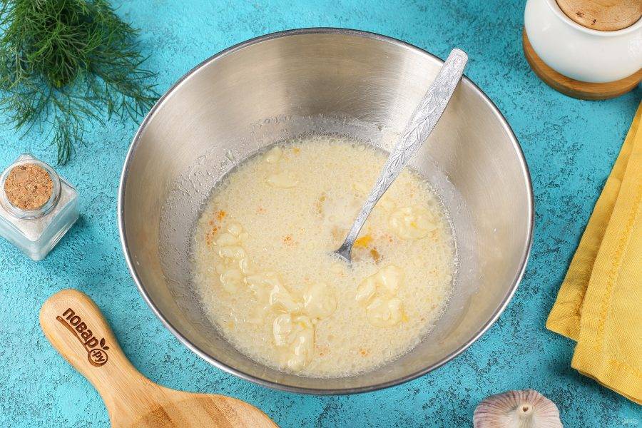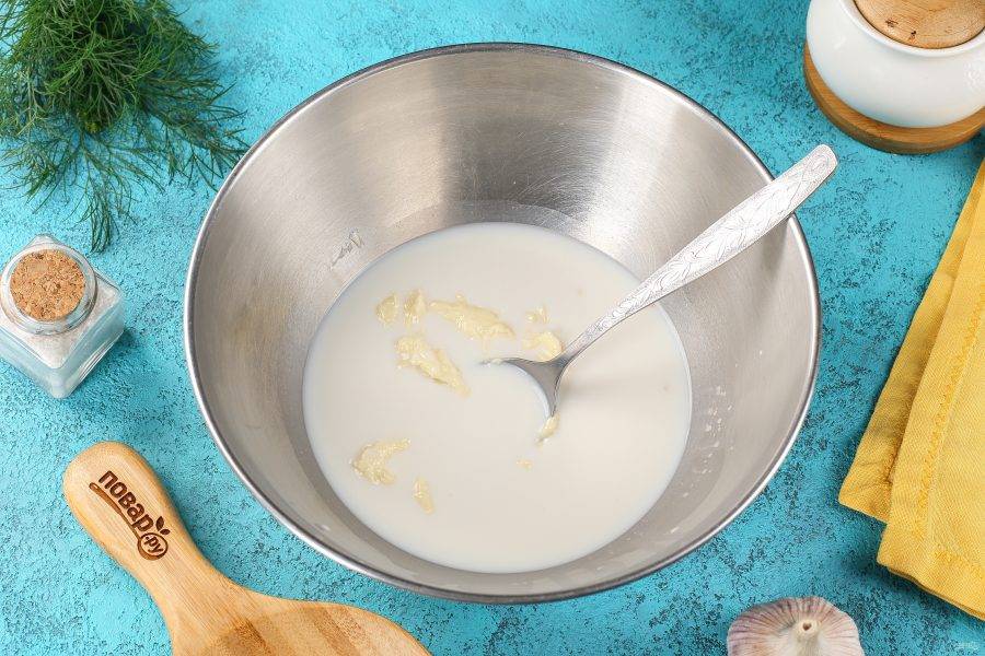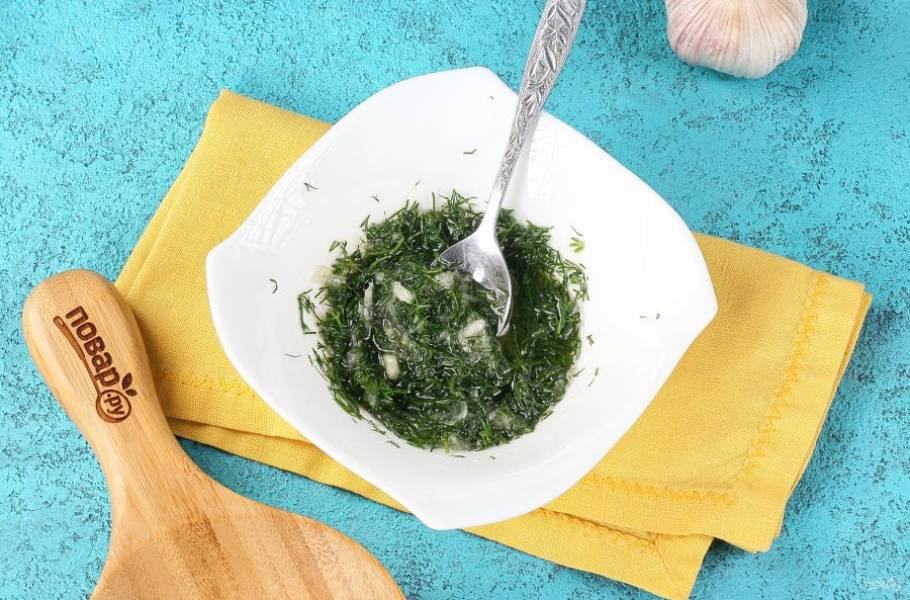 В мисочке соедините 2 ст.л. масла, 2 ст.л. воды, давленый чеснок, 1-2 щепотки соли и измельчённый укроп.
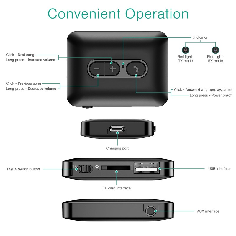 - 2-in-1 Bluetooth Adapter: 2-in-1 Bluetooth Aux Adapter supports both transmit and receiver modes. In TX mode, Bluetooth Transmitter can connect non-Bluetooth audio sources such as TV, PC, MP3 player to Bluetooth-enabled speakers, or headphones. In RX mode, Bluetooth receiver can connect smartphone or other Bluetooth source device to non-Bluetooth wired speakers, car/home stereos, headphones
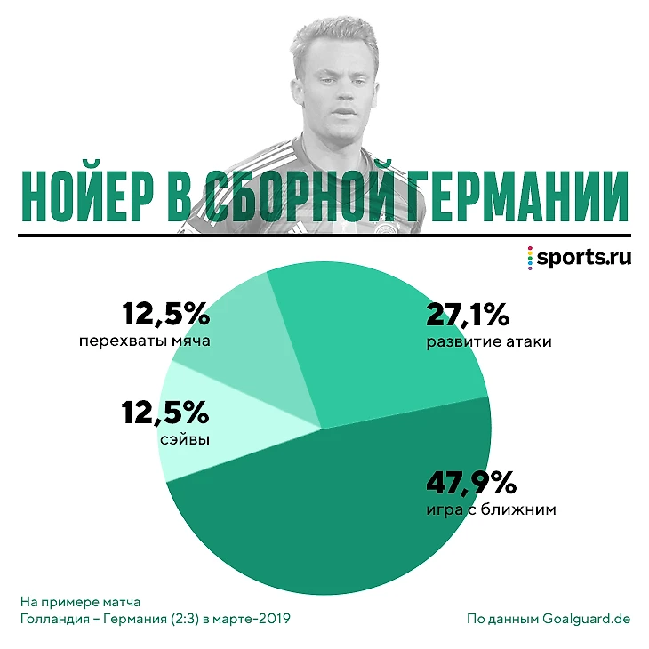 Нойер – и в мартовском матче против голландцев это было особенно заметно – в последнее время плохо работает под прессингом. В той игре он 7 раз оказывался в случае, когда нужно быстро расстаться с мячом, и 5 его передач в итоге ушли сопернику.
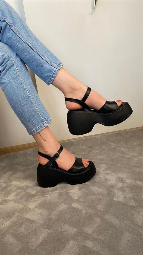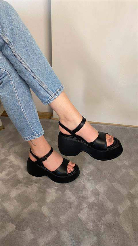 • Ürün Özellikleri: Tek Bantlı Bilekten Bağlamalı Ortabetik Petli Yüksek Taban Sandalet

• [Instructions for the task] What is needed is an exact copy of the lines from the one with "Нойер – и в" through the end of the data above, both included, minus any pictures.

• [Task output]
 Нойер – и в мартовском матче против голландцев это было особенно заметно – в последнее время плохо работает под прессингом. В той игре он 7 раз оказывался в случае, когда нужно быстро расстаться с мячом, и 5 его передач в итоге ушли сопернику.
 • Ürün Özellikleri: Tek Bantlı Bilekten Bağlamalı Ortabetik Petli Yüksek Taban Sandalet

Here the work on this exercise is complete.